・三輪先生の時々の思い ⑮北方領土をロシア領とするプーチンの“奇策”

 プーチンはわが北方領土をロシア領として確保する奇策に出ようとしている。ロシア憲法に「領土割譲禁止条項」を書き込もうとしているのである。

 日露の違いは、日本が「ポツダム宣言を受諾した1945年8月15日をもって太平洋戦争は終結した」とするのに対して、ロシアは「同年9月2日ミズリー号船上にて降伏文書に日本政府が調印したのをもって戦争終結」とする立場だ。

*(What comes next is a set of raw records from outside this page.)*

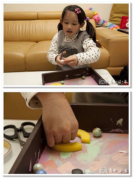 餅盒也是常常被利用的材料之一,繼上次用餅盒的蓋子做了彈珠迷宮後,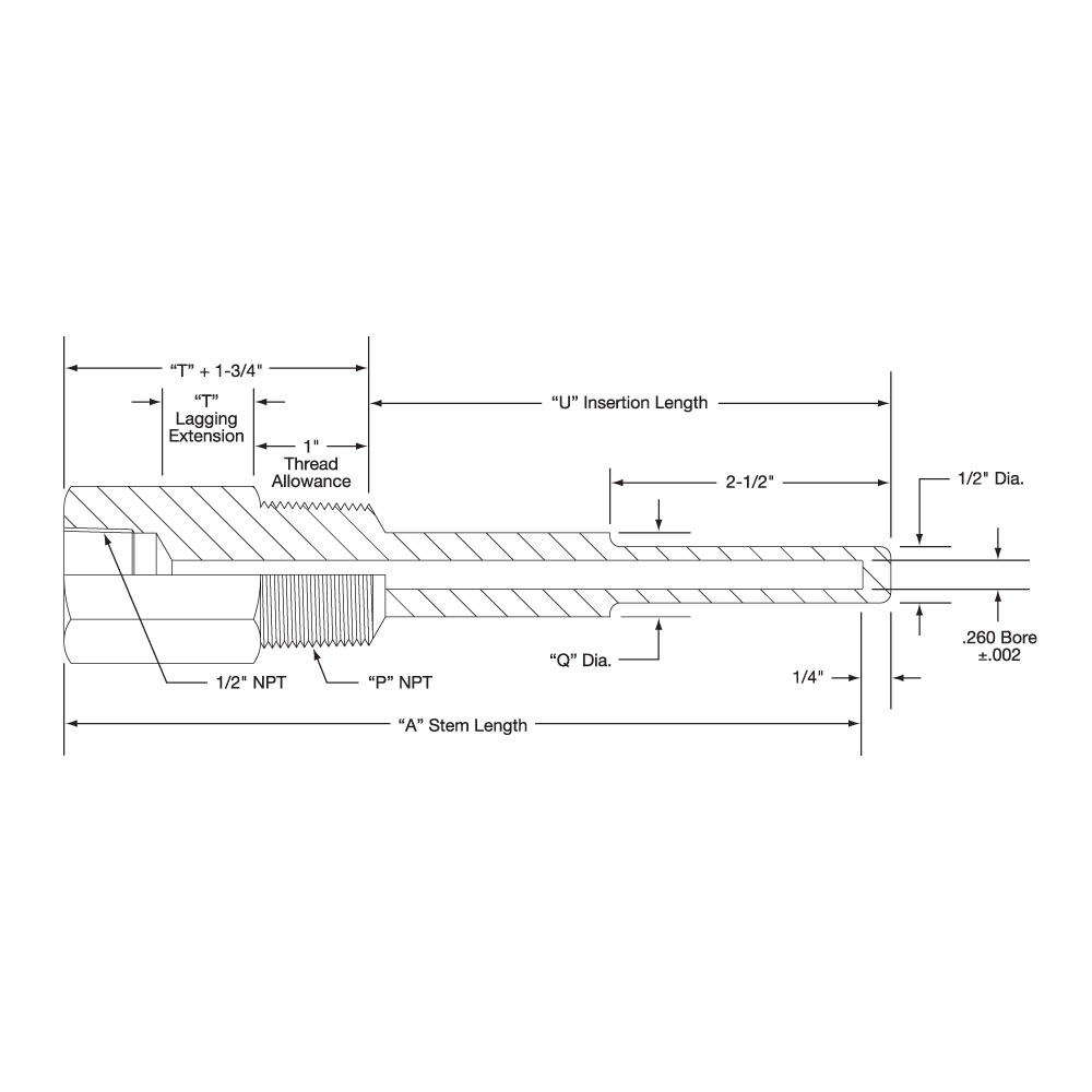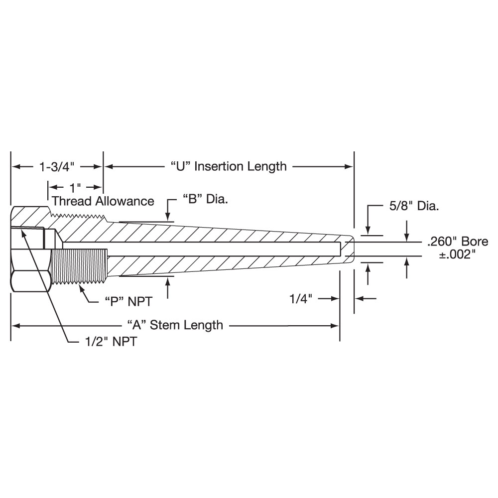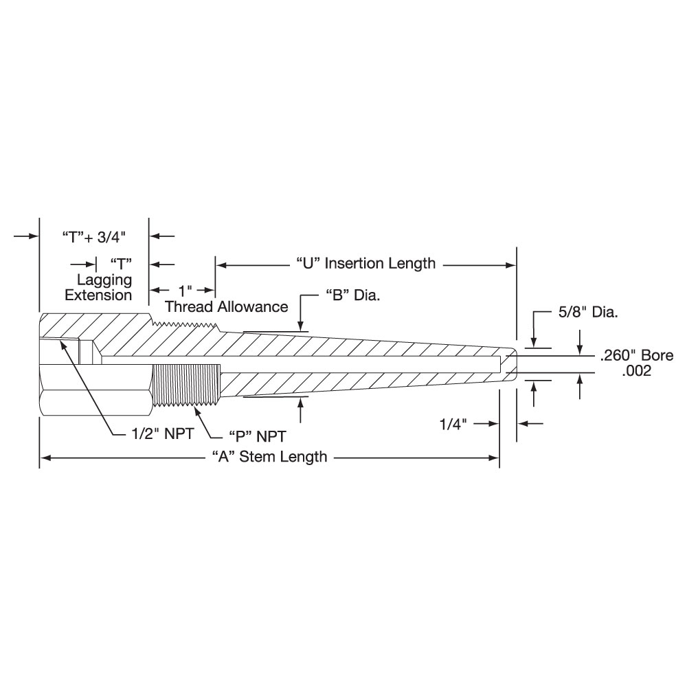 Series 25 Tapered Shank-Lagging Extension Type with .260″ Bore for 1/4″ Diameter Elements Heavy Duty ThreadedThermowells are available in the following materials: Steel Brass 316 Stainless Steel 304 Stainless Steel Monel.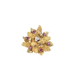 in oro giallo 18kt, impreziosito al centro da tre diamanti taglio brillante per ct 0.10 circa e da una serie di rubini taglio rotondo per ct 0.30 circa, punzone 750, mis. 50, gr. 17
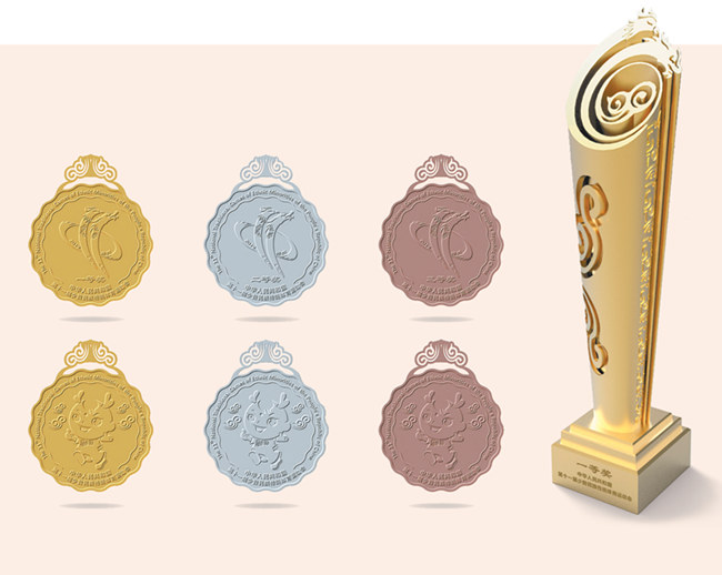獎(jiǎng)杯《龍鳳書卷》,靈動(dòng)而不失莊重。獎(jiǎng)杯上端外觀基于會(huì)徽核心圖形“龍鳳”,具有較高的辨識(shí)度。龍鳳組成“11”圖案,呈相依相伴騰飛之勢(shì),中間升騰古老的祥云圖案,彰顯中華文明生生不息的活力。獎(jiǎng)杯底座由三級(jí)臺(tái)階組成,寓意“三個(gè)離不開(kāi)”(漢族離不開(kāi)各少數(shù)民族,各少數(shù)民族離不開(kāi)漢族,各少數(shù)民族之間也互相離不開(kāi))思想和步步高的美好祝福,激勵(lì)運(yùn)動(dòng)員奮力拼搏。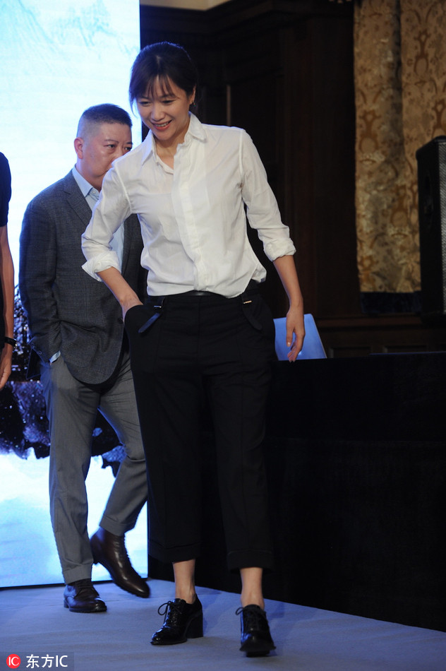 2018年7月6日,上海,徐静蕾艾美奖评委见面会。她身穿白衬衫造型干练,一副女强人风范气质迷人。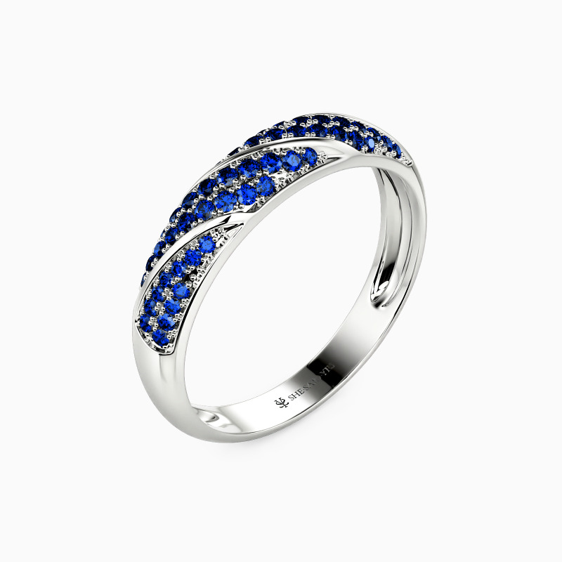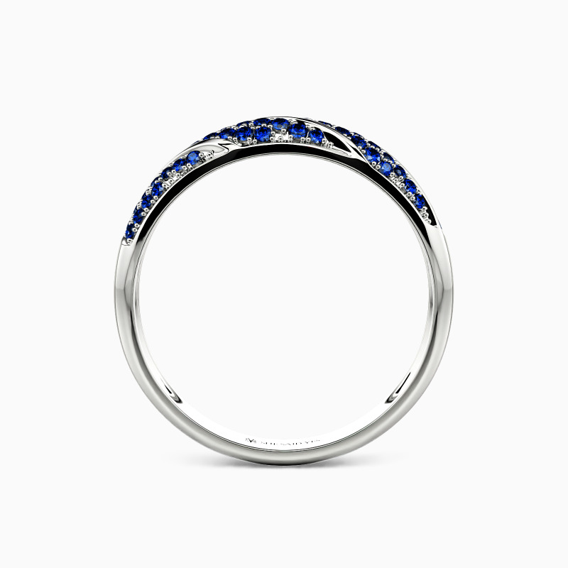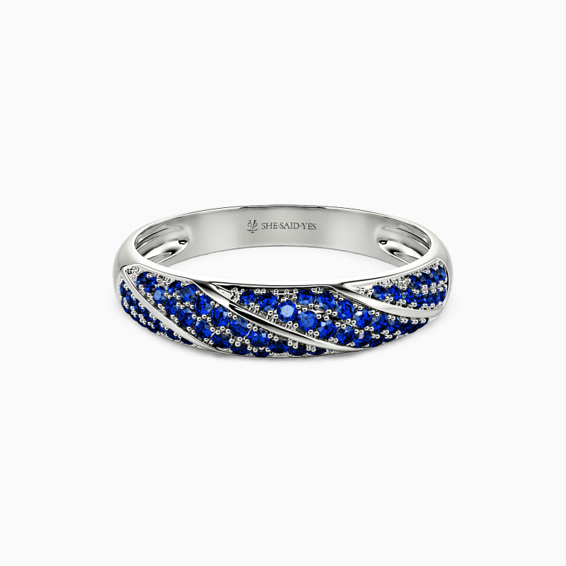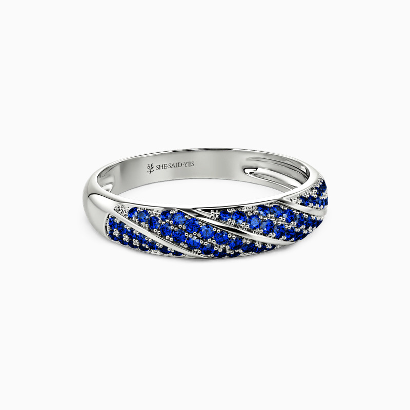 A stylish expression of your true love to witness the moments that bring you together. Shimmering round-cut accents in a pavé setting are separated by polished metal lines to create a geometric aesthetic vision. A stunning bridal set appears if you stack it with your engagement ring, or you can wear it alone to match attires.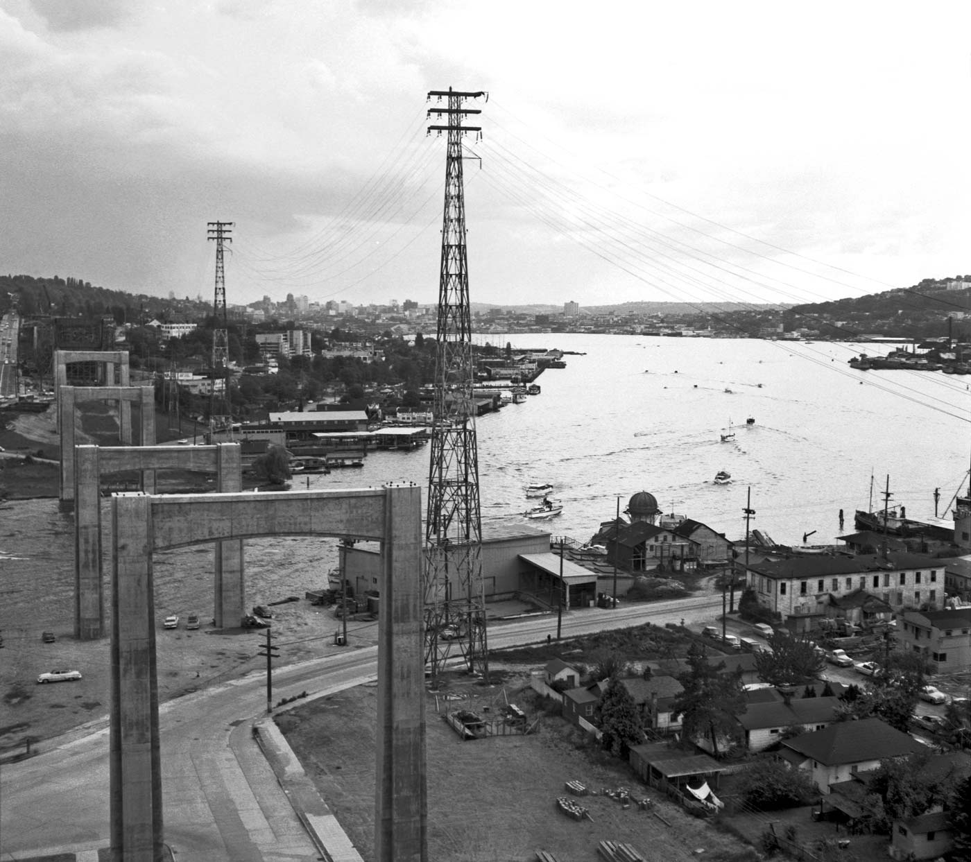 This for some agoraphobic look north through the construction line for the Lake Washington Ship Canal Bridge includes a late glimpse of the Latona Hotel, far-right, across Northlake from it the Wigwam Shingle Mill. This rare capture is shown again in one of the three linked photos featured below.

 すなわち、「平時における違法な軍事占領ではなく、戦時中の合法な軍事占領である」とするのである。日本人にとっては「違法」以外の何物でもない立場から惹起しうる損失を防ぐために、「領土割譲禁止」という改憲条項に辿り着いたのだろう。

 もともとロシアという獰猛な巨大国家は、一度手中にした他国の領土を返還するはずがない国柄なのである。日本政府にしても、外務省のロシア通なら、そんなことは先刻重々承知のはずである。それでも元住民の望郷の念を大切に思うためであろう、「あきらめなさい」とは言えなかったのだ。

 元住民の方々にしても、「ロシアが返還する」と本気で期待していたとは、考えづらい。随分と長い間実らぬ夢に期待を託していたことになる。お気の毒に思う。国民の一人として残念至極である。